= Henri Lemoine (fraudster) =

French fraudster

Henri Lemoine (fl. 1905-1908) was a French fraudster who claimed to be able to produce synthetic diamonds.

==Fraud==
In 1905, Lemoine contacted Sir Julius Wernher, British banker and one of the governors of De Beers Diamond Mines. He said he had discovered a process to produce gem-sized diamonds from coal and agreed to sell his invention if Wernher would be willing to invest to further his research. He invited Wernher to his laboratory in Paris to witness the process. Wernher took Francis Oats, a De Beers executive, and two other associates with him.

Lemoine invited his guests in and left the room; moments later he reappeared naked, to prove that he was not concealing any diamonds in his clothing. He mixed a number of substances including iron filings and coal into a small crucible, showed the mixture to his guests, and placed it into a furnace in the center of the room.

After fifteen minutes, Lemoine removed the hot crucible and let it cool. Then he picked a pair of tweezers and took out about twenty small, well-formed diamonds. Oats examined the diamonds and demanded that Lemoine repeat the procedure. He did so successfully.

Wernher offered to pay Lemoine to develop his invention if he would keep it a secret. Lemoine agreed and promised him an option to buy his secret formula, which he deposited in a London bank deposit box.

For the next three years, Sir Julius sent Lemoine a total of £64,000. Lemoine promised to build a factory to duplicate diamonds; actually he just took a picture of an electric plant in southern France and sent it to Sir Julius.

In 1908, a Persian jeweler revealed that he had sold Lemoine small diamonds that matched the description of the diamonds Lemoine had shown during the first demonstration. Lemoine was indicted for fraud.

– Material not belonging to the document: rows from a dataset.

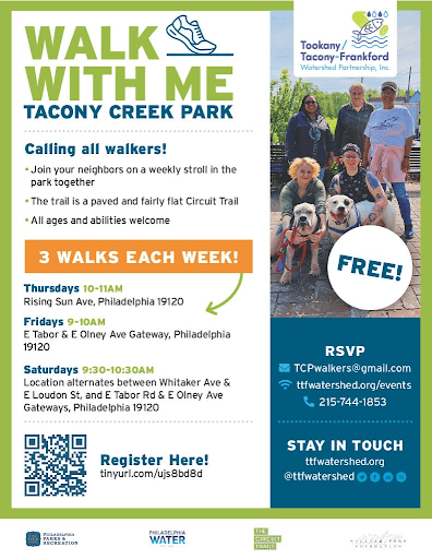 Tacony Creek Park hosts three weekly free walks on the trail. These occur every Thursday, Friday, and Saturday. Registration is required. Learn more about Tacony Creek Park’s free walking program called Walk With Me. You can visit the Tookany/Tacony-Frankford Watershed Partnership Inc. event page and find other events you can participate in this Spring.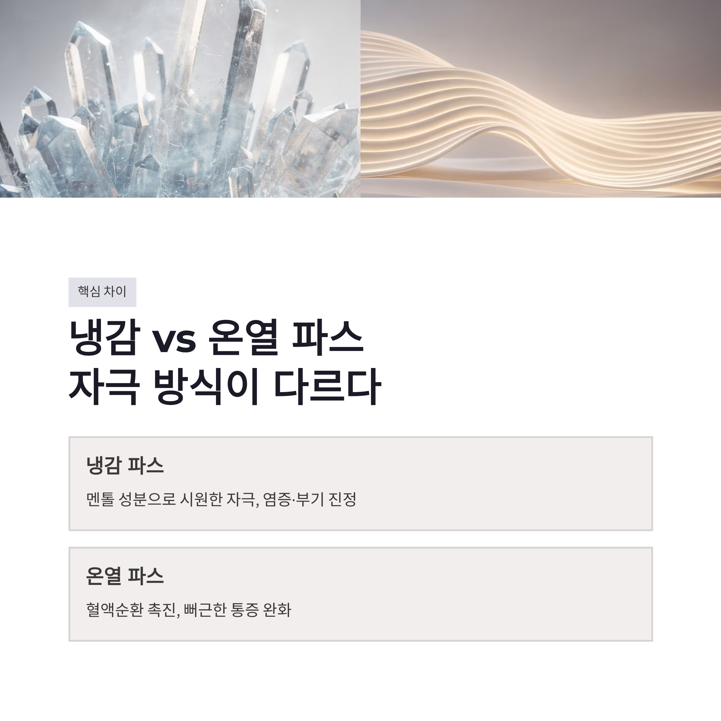 일단 핵심부터요. 냉감 파스랑 온열 파스 차이는 자극 방식이에요. 냉감 파스는 멘톨 성분으로 시원한 자극을 주면서 염증과 부기를 가라앉히는 데 초점이 맞춰져 있고, 온열 파스는 혈액순환을 도와서 뻐근한 통증을 풀어주는 쪽이에요.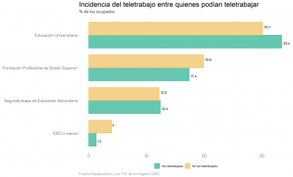 Es decir, aunque la mayoría de las diferencias en la incidencia del teletrabajo entre grupos de estudio y renta se pueden explicar por las características del empleo, hay una parte más pequeña pero relevante que puede explicarse porque, de entre los pocos trabajadores con baja cualificación que podrían trabajar, el porcentaje de ellos que finalmente teletrabajan es especialmente bajo.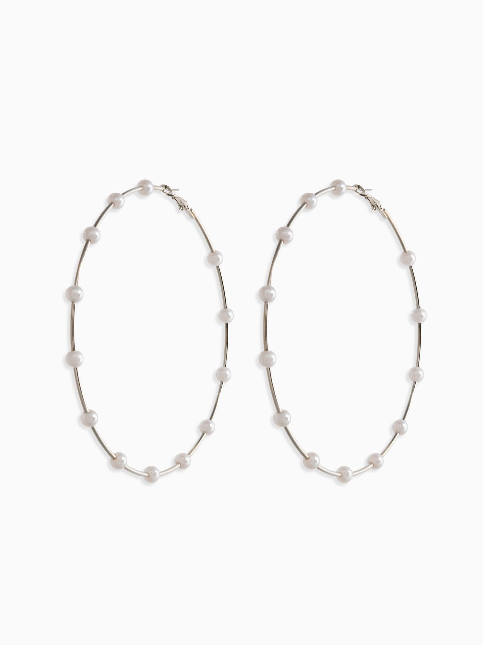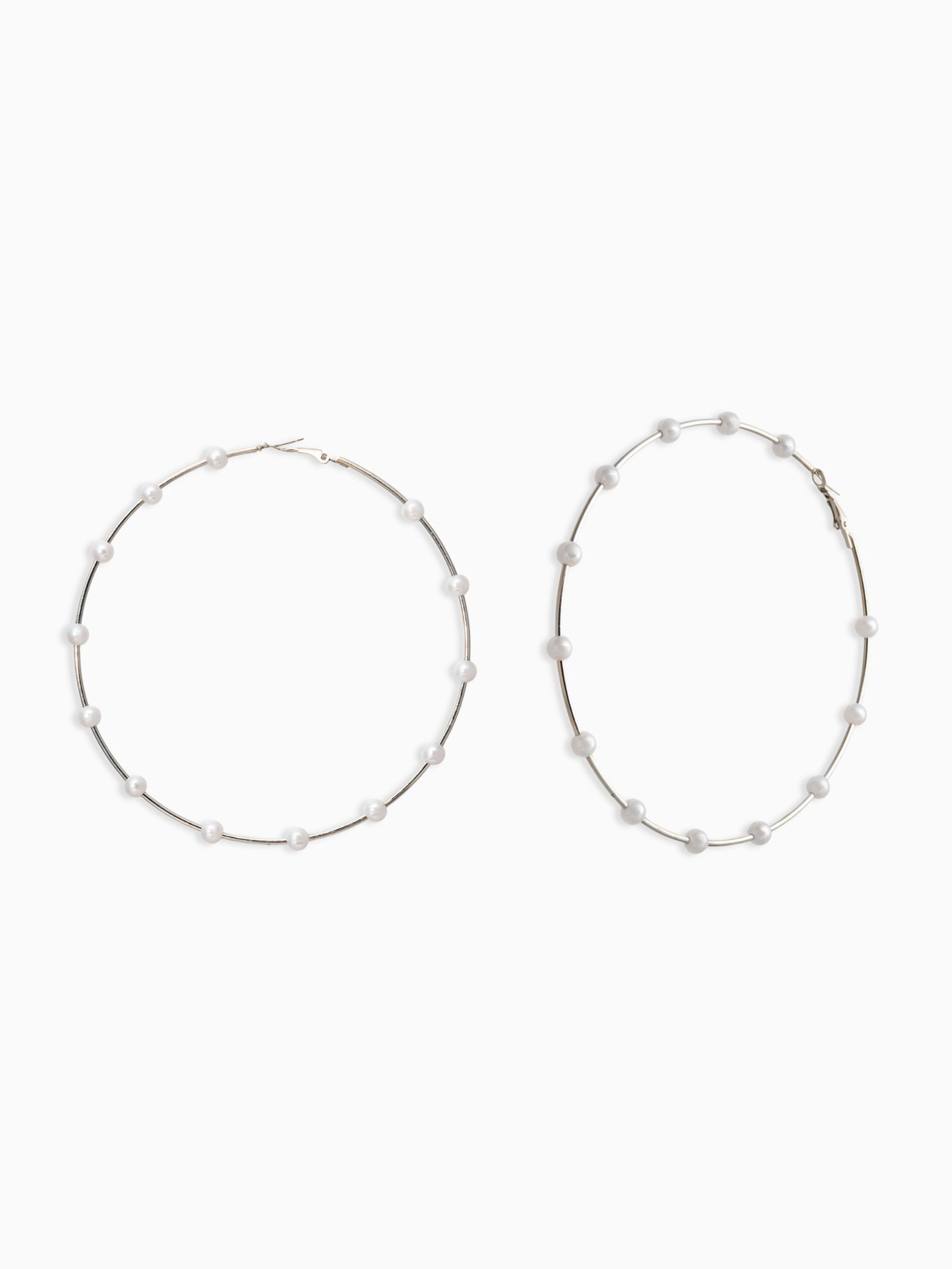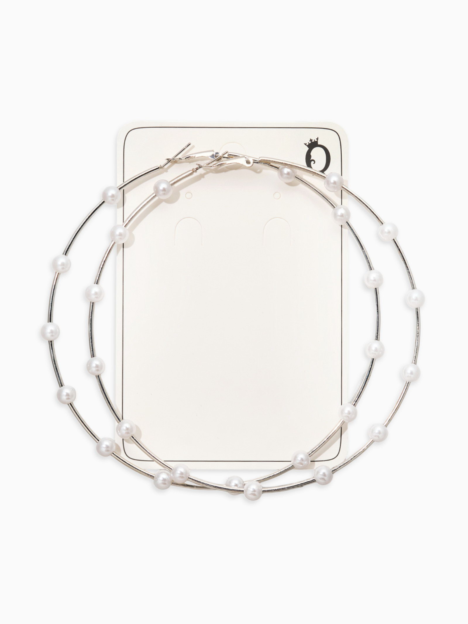Серьги-кольца "Жемчуг", d=10 см, №6, белые в серебре, 10x10x0.6 см., QF, Китай

In court, Lemoine continued to claim that his process was genuine but was unable to duplicate it for the judges. The secret formula was unsealed by a court order; it was a mixture of powdered carbon and sugar. Before the court could agree on his guilt, Lemoine left the country for parts unknown.

==In Literature==

"The Lemoine Affair" is a collection of literary pastiches by Marcel Proust, in which he spoofs the writing styles of several fellow French authors. The overall theme is Lemoine, his fraud and its outcome. Proust, himself, lost considerable money on the scheme.